Luce told the students that the world as a whole “does not care.”
“I’m going to say something that may shock you and may sound very harsh – the world does not care about you,” he said. “You have family members, you have friends, you have a club or a church that you belong to and people in that organization care about you. The world does not care about you.”
This was Luce’s way of explaining to the students that it isn’t important to post on Facebook the details of every thought or meal you have. Some discretion is important because that information will forever be associated with the person posting it.
Luce shared four real world instances where social media had a negative effect on the poster’s job and life.
“We’re going to talk about a CFO [Chief Fiscal Officer] who shared information about his company,” Luce said. “We’re going to learn about a teacher who apparently liked to smoke weed and also thought it was perfectly okay to post pictures to the world who does not care. We’re going to learn about CISCO and a fatty paycheck and then we’re going to learn about my favorite, the miner’s ‘Harlem Shake-up.’”
The CFO and the teacher who smoked marijuana were both fired from their jobs. In the case of the teacher, the story was covered by the national media, which will make it difficult for her to find another job.
The CISCO “fatty paycheck” was about a person who left a job interview and posted a less than savory comment on his Twitter account about the job.
“Someone who had a job interview at CISCO posted on his Twitter account that he got the job, looked forward to the fatty paycheck although he hated the job,” Luce said. “The recommendation to hire him was withdrawn and he did not get the ‘fatty paycheck.’”
The miner’s story involved a group of Australian miner’s jumping on the viral video bandwagon by creating their own version of the “Harlem Shake” music video. The problem? They did it at work, while they were on the clock, at a gold mine.
Luce said the punishment was not publicized but he assumed they received a harsh penalty.
The moral of the story is to be cautious of what is posted on social media sites because it will haunt, and possibly harm you forever.
“We’ve all made mistakes,” Luce said. “The difference is in the context of people who can post pictures of you making those mistakes. You may post it, a friend may post it. That can get you into trouble.”

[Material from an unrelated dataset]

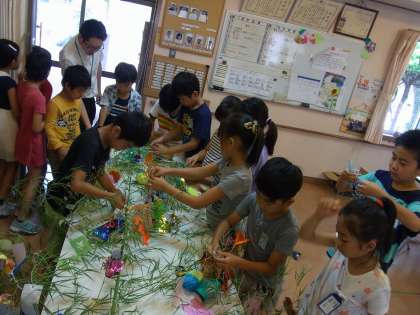 7月5日(火)に1組とひまわり学級は1・2時間目に,2組は3・4時間目に総合の学習で鳥羽ホームに行ってきました。もうすぐ七夕ということで,入所者のみなさんと一緒に短冊に願い事を書いたり,飾りつけをしたりしました。その中で,とても楽しそうに話をしていたのが印象的でした。

Rhondi Fisher, CVB member and District Ranger for Marlinton/White Sulphur Districts of the Monongahela National Forest, shared two instances where social media worked against locals.

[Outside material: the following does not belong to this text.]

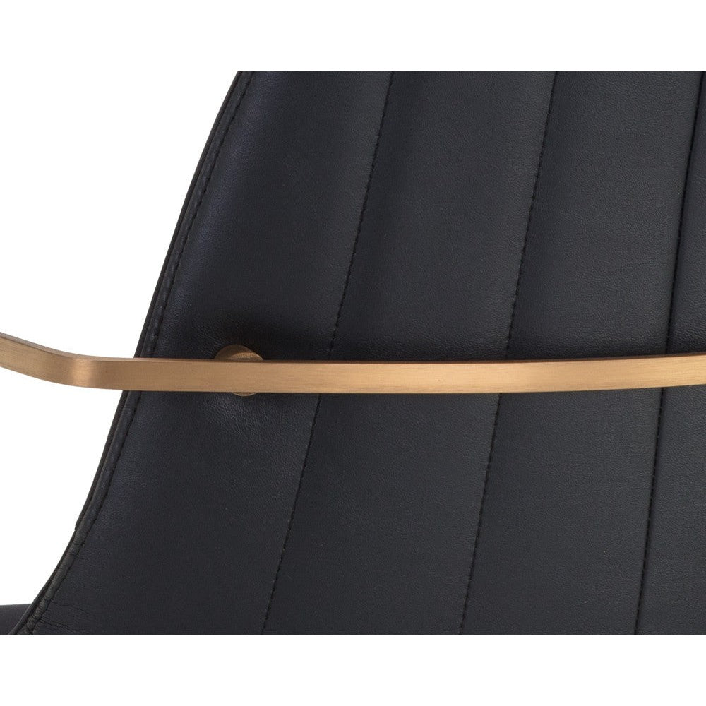 This swivel dining chair from is where urban cool meets contemporary elegance. Designed with an abbington black fabric seat and a channel tufted exterior in bravo black faux leather. Brushed gold finished arms and black iron legs complete this look. Handle With Care: This design has been crafted with faux leather. Faux leather is manufactured to reflect the natural characteristics of leather; as such, colour variations, markings, wrinkles, grooves, and light scratches are appreciated characteristics. No two pieces will be alike. Visit our Product Care page for more information on how to ensure the lasting beauty of this piece.

Fisher explained that she had a job interview with a student from Pocahontas County High School and while he said all the right things, and seemed well qualified during the interview, his Facebook page was the exact opposite. The student had several derogatory postings about women, as well as cursing and explicit photos. Needless to say, he did not get the job.
In another example, Fisher said a group of high school students had a party on the Williams River. They trashed the place and harassed other campers who were trying to enjoy their vacation. Luckily, one of the students posted photos of the party on Facebook and Fisher and the authorities were able to pursue those responsible.
During the luncheon, students were addressed by Linwood resident Terry White, who encouraged the students to get involved in their communities and find a way to help improve the county for everyone.
Students were given a “quiz” on things mentioned during the breakout sessions and received door prizes provided by county businesses.